→ **Task item**
Everything from the line with "Fina fingerfigurer från" to the line with "海泰连续六年荣登《商法》卓越律所大奖榜单" in the listing below, both lines included, needs to be copied exactly, apart from the pictures.

→ **Source material**
* * * * * * *

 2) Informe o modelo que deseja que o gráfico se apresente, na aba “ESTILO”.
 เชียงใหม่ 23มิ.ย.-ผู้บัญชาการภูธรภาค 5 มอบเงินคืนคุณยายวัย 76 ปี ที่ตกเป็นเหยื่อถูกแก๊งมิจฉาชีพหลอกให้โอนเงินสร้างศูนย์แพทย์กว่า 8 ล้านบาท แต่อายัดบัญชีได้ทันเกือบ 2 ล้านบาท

* * * * * * *

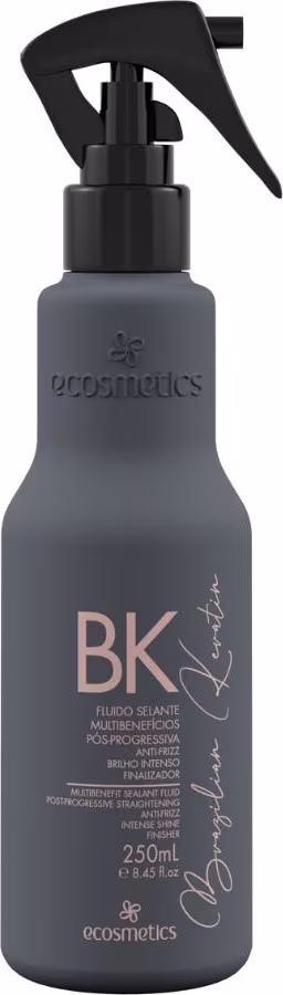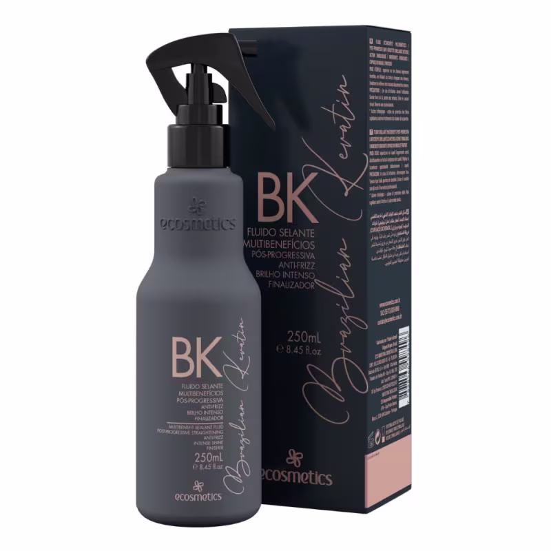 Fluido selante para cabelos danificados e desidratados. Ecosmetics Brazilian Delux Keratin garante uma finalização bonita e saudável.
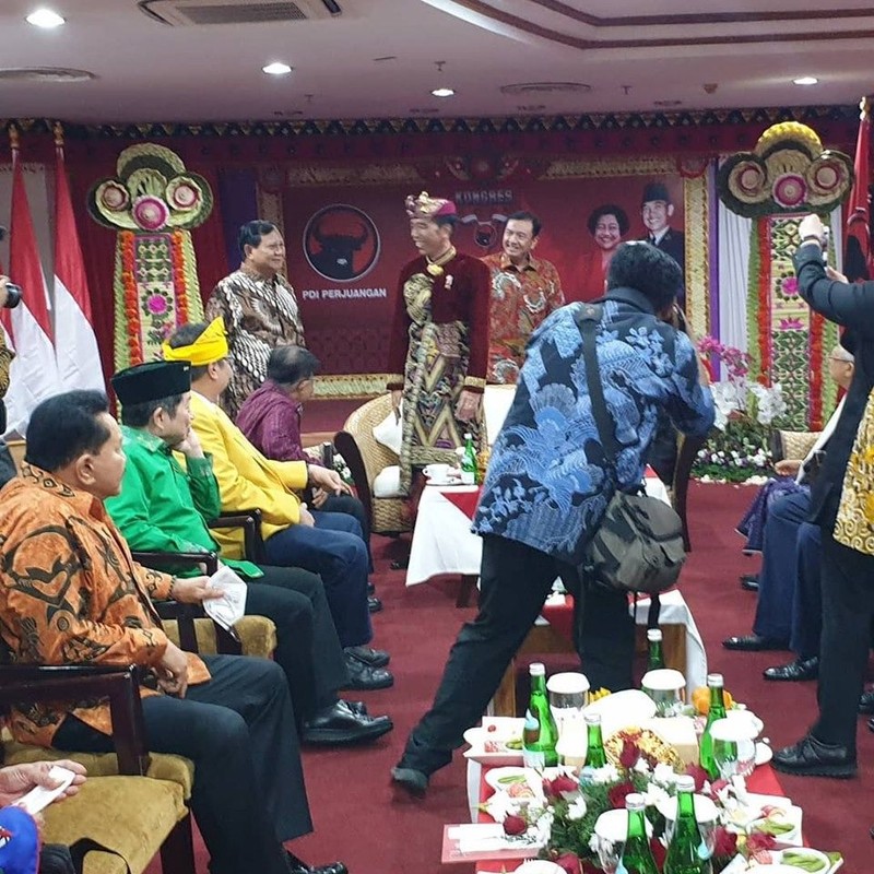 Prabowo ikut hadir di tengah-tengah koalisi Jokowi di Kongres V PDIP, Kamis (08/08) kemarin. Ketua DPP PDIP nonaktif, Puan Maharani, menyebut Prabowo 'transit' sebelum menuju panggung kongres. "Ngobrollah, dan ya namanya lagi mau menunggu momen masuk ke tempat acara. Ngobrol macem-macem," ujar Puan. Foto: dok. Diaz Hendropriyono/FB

* * * * * * *

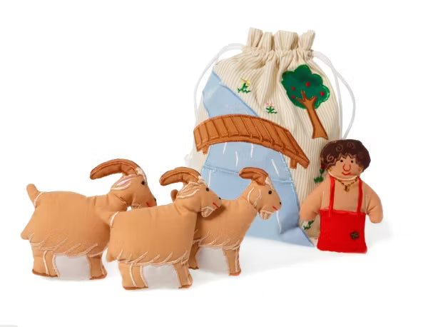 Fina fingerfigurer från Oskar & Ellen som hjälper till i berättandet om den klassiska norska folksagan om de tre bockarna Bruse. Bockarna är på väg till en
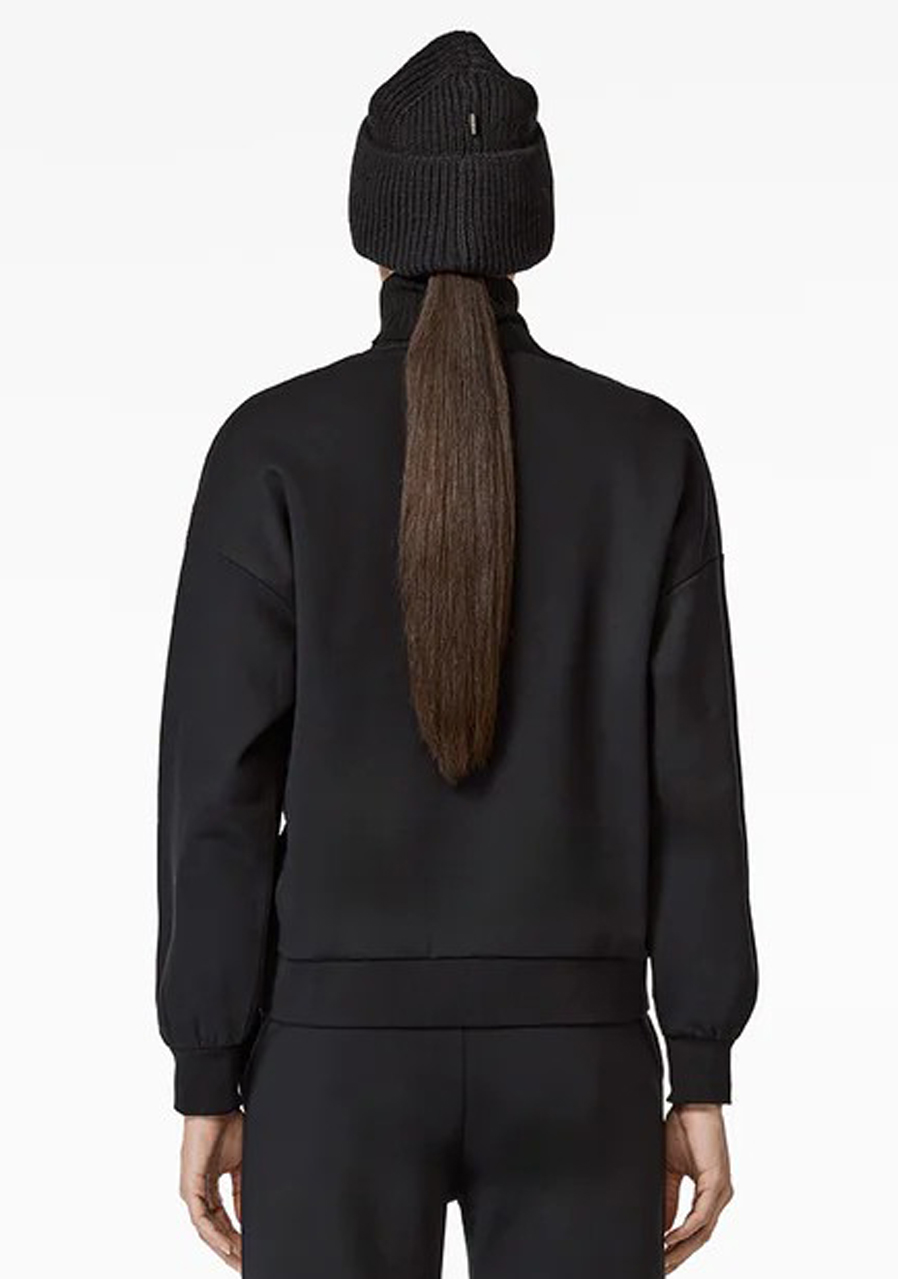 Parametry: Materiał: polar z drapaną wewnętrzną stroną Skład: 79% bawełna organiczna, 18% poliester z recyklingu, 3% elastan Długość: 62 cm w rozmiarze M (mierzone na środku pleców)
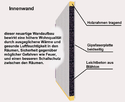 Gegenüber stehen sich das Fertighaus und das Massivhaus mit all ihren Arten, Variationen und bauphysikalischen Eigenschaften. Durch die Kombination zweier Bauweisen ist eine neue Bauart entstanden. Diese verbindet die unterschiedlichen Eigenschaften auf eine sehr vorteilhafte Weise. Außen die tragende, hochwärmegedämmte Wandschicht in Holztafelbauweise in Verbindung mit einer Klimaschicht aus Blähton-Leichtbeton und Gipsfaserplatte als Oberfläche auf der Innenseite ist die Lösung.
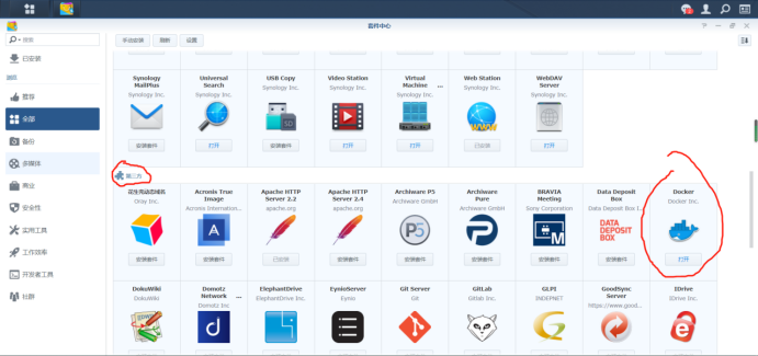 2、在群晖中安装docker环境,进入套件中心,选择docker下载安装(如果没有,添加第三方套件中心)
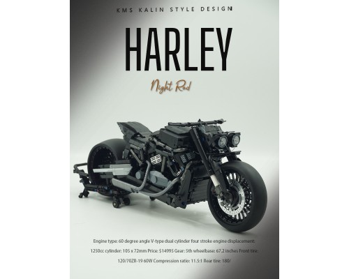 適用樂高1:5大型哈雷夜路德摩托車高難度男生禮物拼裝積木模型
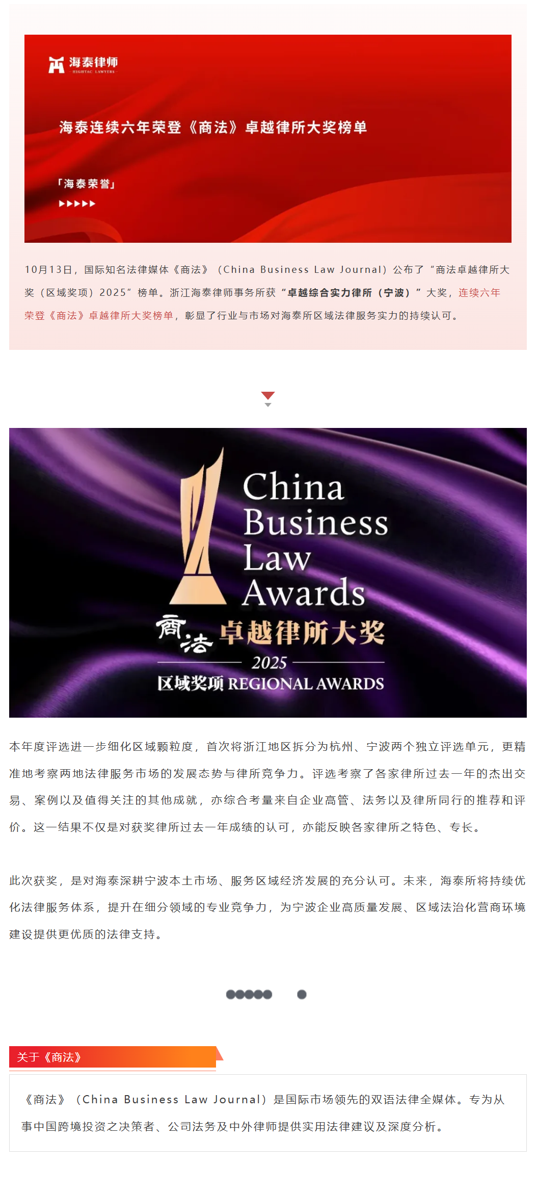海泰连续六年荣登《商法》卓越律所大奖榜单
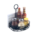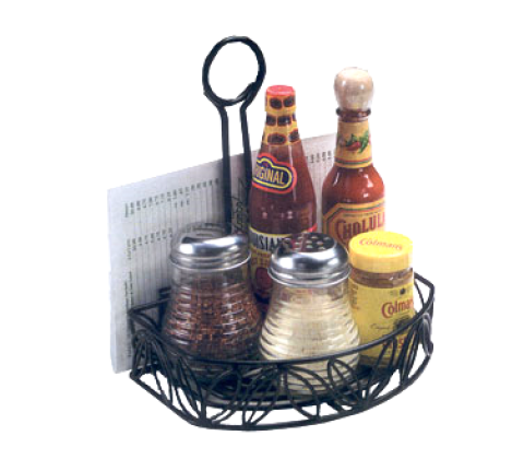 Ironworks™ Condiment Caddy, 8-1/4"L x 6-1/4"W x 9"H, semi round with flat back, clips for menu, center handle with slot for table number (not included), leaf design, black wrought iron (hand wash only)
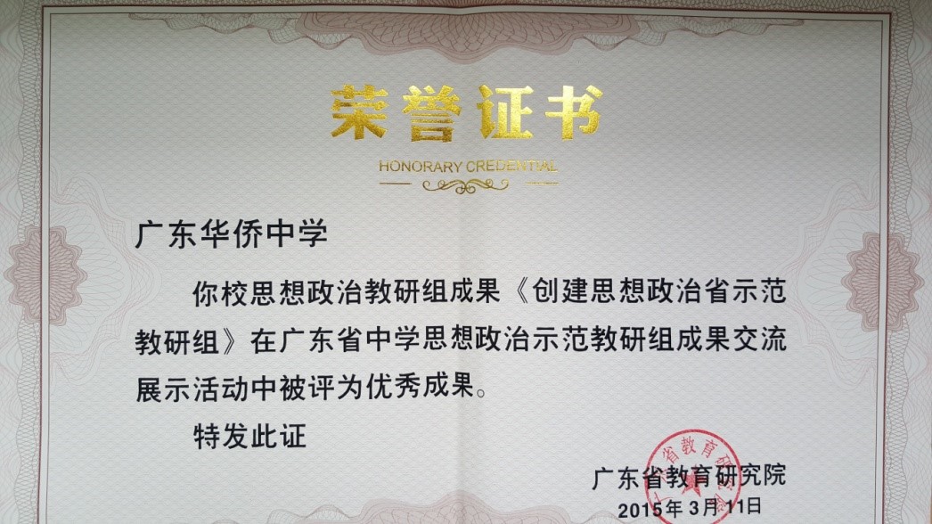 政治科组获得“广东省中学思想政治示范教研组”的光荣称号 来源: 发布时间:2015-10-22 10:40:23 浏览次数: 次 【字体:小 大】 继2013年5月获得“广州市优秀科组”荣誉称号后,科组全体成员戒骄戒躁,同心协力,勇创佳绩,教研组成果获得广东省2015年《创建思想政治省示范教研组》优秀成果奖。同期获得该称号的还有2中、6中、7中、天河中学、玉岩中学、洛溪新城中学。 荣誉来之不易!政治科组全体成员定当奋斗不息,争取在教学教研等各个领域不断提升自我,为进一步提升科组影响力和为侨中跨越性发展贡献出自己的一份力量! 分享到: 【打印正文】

* * * * * * *

→ **Written solution**
 Fina fingerfigurer från Oskar & Ellen som hjälper till i berättandet om den klassiska norska folksagan om de tre bockarna Bruse. Bockarna är på väg till en
 Parametry: Materiał: polar z drapaną wewnętrzną stroną Skład: 79% bawełna organiczna, 18% poliester z recyklingu, 3% elastan Długość: 62 cm w rozmiarze M (mierzone na środku pleców)
 Gegenüber stehen sich das Fertighaus und das Massivhaus mit all ihren Arten, Variationen und bauphysikalischen Eigenschaften. Durch die Kombination zweier Bauweisen ist eine neue Bauart entstanden. Diese verbindet die unterschiedlichen Eigenschaften auf eine sehr vorteilhafte Weise. Außen die tragende, hochwärmegedämmte Wandschicht in Holztafelbauweise in Verbindung mit einer Klimaschicht aus Blähton-Leichtbeton und Gipsfaserplatte als Oberfläche auf der Innenseite ist die Lösung.
 2、在群晖中安装docker环境,进入套件中心,选择docker下载安装(如果没有,添加第三方套件中心)
 適用樂高1:5大型哈雷夜路德摩托車高難度男生禮物拼裝積木模型
海泰连续六年荣登《商法》卓越律所大奖榜单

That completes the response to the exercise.